At one of the gyms where I teach, I was asked to teach a 15 minute abs class before my Zumba class.  I LOVE teaching abs/core, so I quickly accepted.  I think having a strong core is crucial to your overall health, and, unfortunately, most people skimp on this portion of their workouts. 

Benefits of a strong core:

  • Decreased risk of injury
  • Increased balance
  • Ability to hold proper form not only in core exercises, but also when working other muscle groups
  • Takes pressure off lower back (especially for those who stand all day at work)
  • Better posture

This is one of the workouts I did in my new 15 minute abs class.  Try it out and let me know what you think!

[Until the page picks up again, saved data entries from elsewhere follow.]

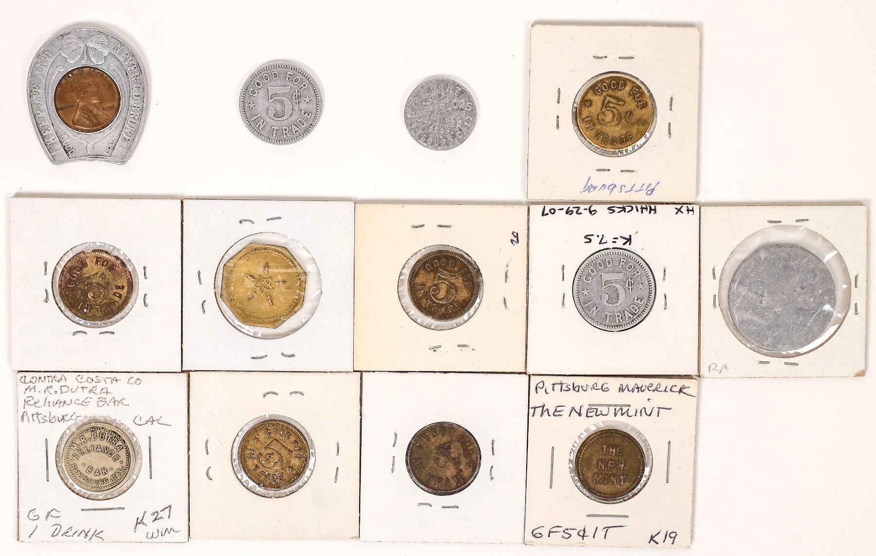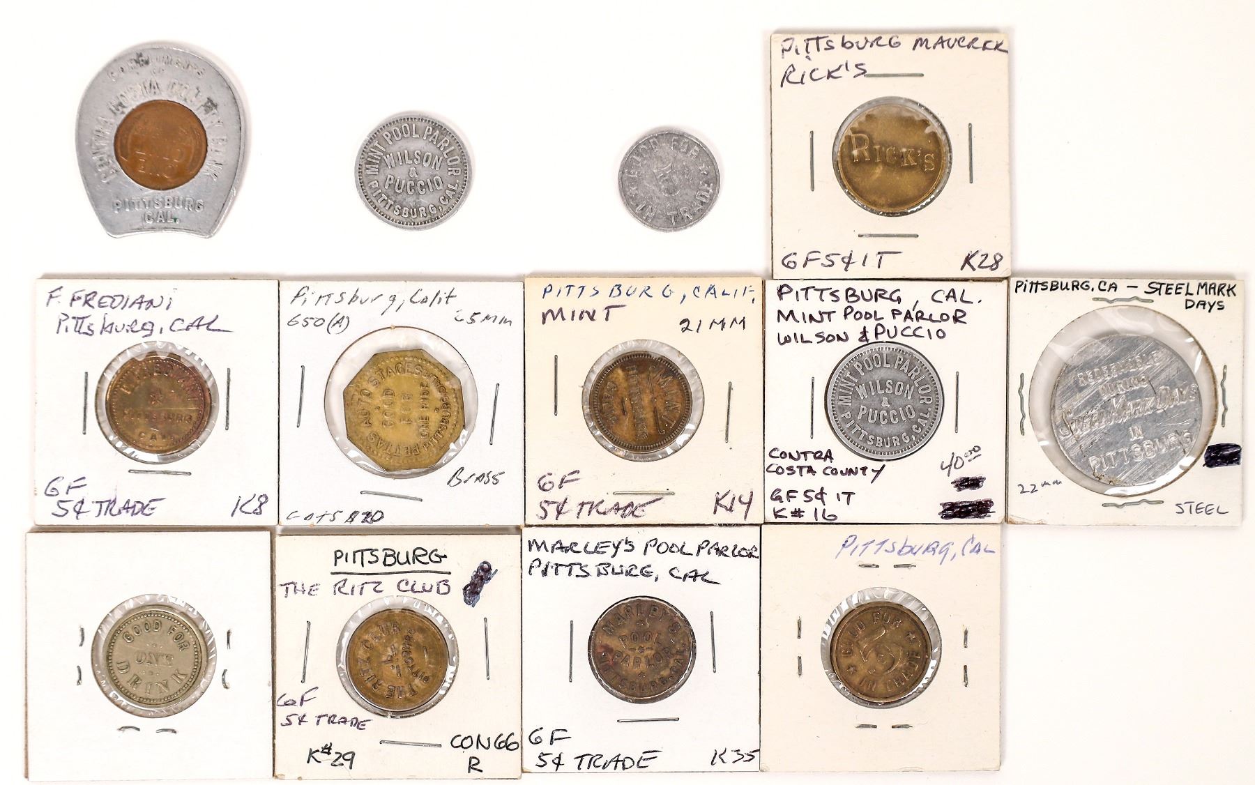 13 Pittsburgh tokens. Contra Costa County Bank, Marley's Pool Parlor, The Ritz Club, Ricks, Steelmark Days, F. Frediani, Pettas Auto Stages, Mint, Wilson & Puccio, K 16 & K17 Mint Pool Parlor, The New Mint, M R Dutra. California Pittsburgh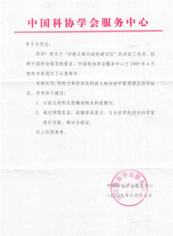 中國科協(xié)回函表示,針對李子豐的“狹義相對論的建議信”已收悉。按照中國科協(xié)領(lǐng)導(dǎo)要求,中國科協(xié)學(xué)會服務(wù)中心于2009年6月組織專家進行了認(rèn)真審批。專家認(rèn)為,李子豐的文章涉及狹義相對論中的某些觀點尚待驗證,并建議李子豐,以論文的形式投刊到相關(guān)科技期刊,或通過網(wǎng)絡(luò),或翻譯成英文,與相關(guān)科學(xué)家進行交流、探討與驗證。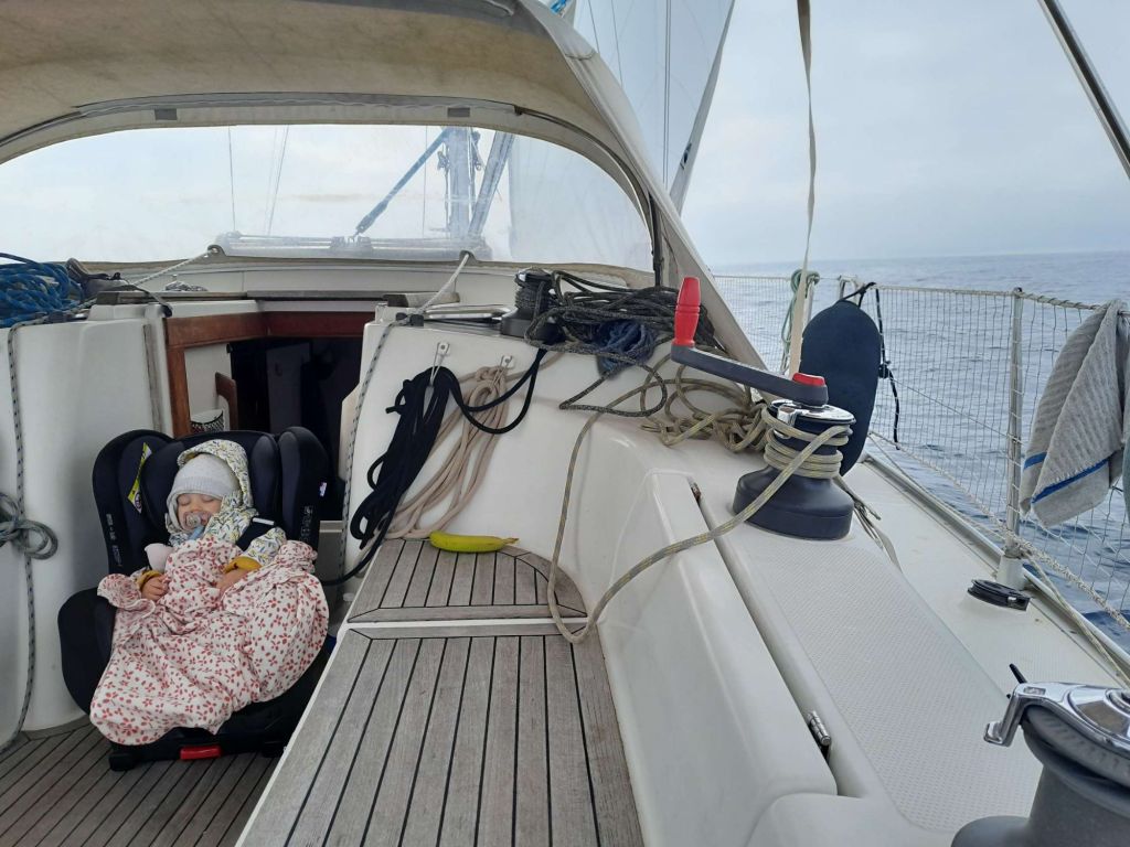 Xavier, mon voisin du magasin AD Nautic, m’aide gentillement pour larguer les amarres. Ça y est, nous voici à emprunter le long canal qui nous mène vers le large. Raphaëlle, du haut de ses bientôt seize mois, ne se rend pas vraiment compte de ce qu’il se passe, mais pour nous deux, Doriane et moi, le moment est important et un peu solennel. La dernière fois où l’on partait c’était à bord de Babar 1. Qui aurait cru que nous allions un jour découvrir la joie d’être parents d’une si jolie petite fille à bord d’un autre bateau ?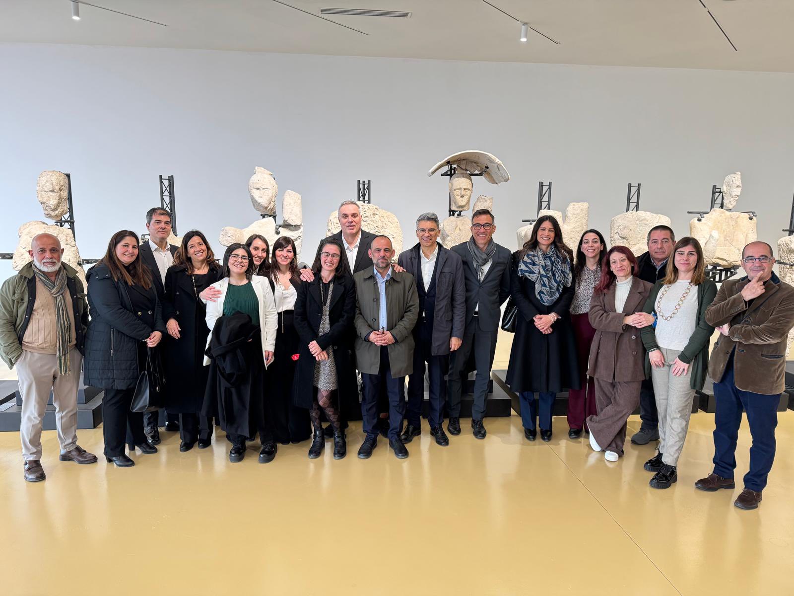 Anthony Muroni al centro del gruppo della Fondazione Mont’e Prama davanti ai Giganti riuniti al museo di Cabras (foto nicola castangia / fond. mont’e prama)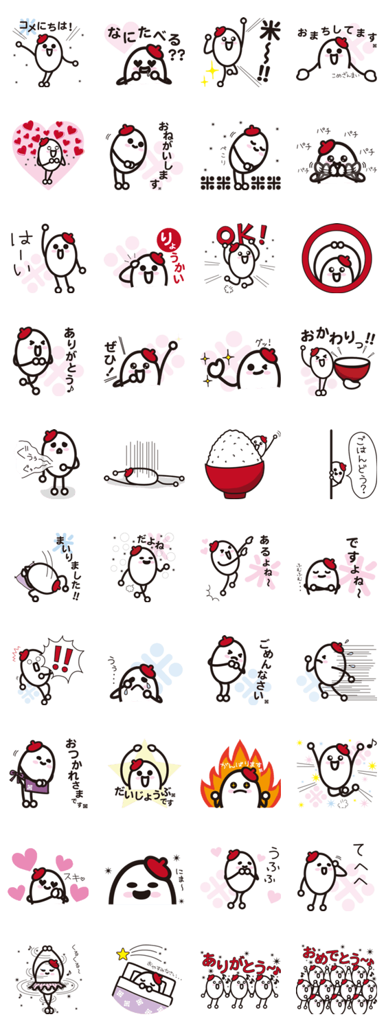 お米の妖精おこめちゃんはコーラスグループCometsのメンバー。腹ぺこな時にも、そうでない時にも使えるスタンプです♪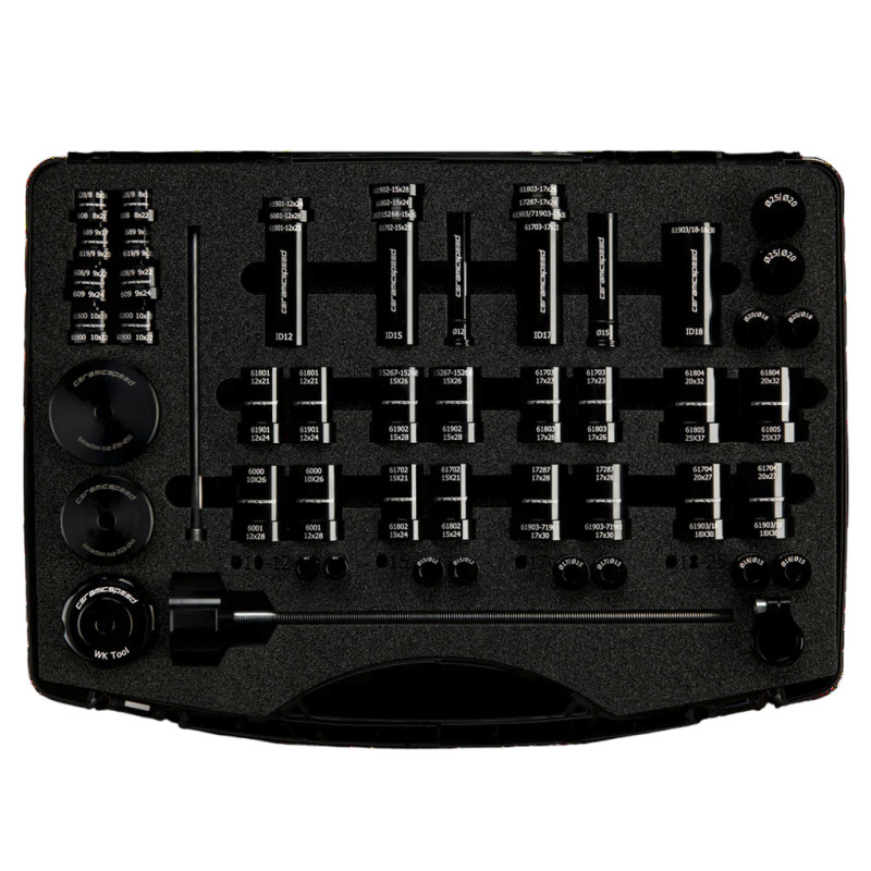 El kit de herramientas de prensado de rodamientos de rueda CeramicSpeed es un juego de calidad profesional diseñado para la extracción e instalación precisa de rodamientos de rueda, compatible con bujes modernos. El sistema incorpora un rodamiento CeramicSpeed oculto en el cabezal de la herramienta para proporcionar una presión excepcionalmente suave con menos esfuerzo.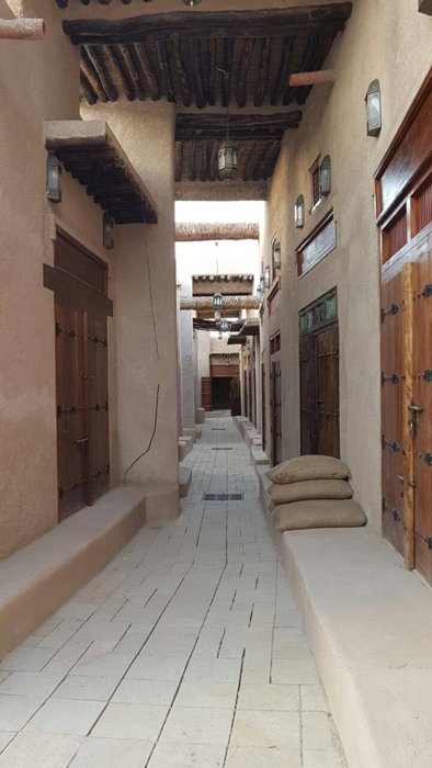 Bahla Market is located directly across the main road leading to Bahla Fort, and it is part of Bahla Oasis. It covers an area of about 4,493 square meters, and includes a group of 142 shops selling various local products, including household items, herbs, spices, pottery goods, silver artifacts, and other items. The market was originally built using mud bricks, but some of its shops have been recently renovated and are now partly made of concrete blocks.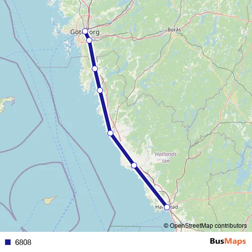 The first stop of the 6808 bus route is Göteborg Centralstation and the last stop is Halmstad C Resecentrum. 6808 is operational during varje dag.

2-3 sets alternating 15 each:

2-3 sets alternating 15 each:

  • side lunge with dumbbell reach overhead (from JM 6 week 6 pack)
  • seated oblique twist with weight

2-3 sets alternating 15 each:

  • plank (40-60 seconds) – on second and/or third set, add leg lift
  • double butterfly crunch

2-3 sets alternating 15 each:

  • spiderman abs (like slow mountain climbers, but bring knee out to the side towards shoulder)
  • side plank oblique pushups

We finished off with about 50 crunches of choice

What is your favorite ab/core move?  What about your least favorite?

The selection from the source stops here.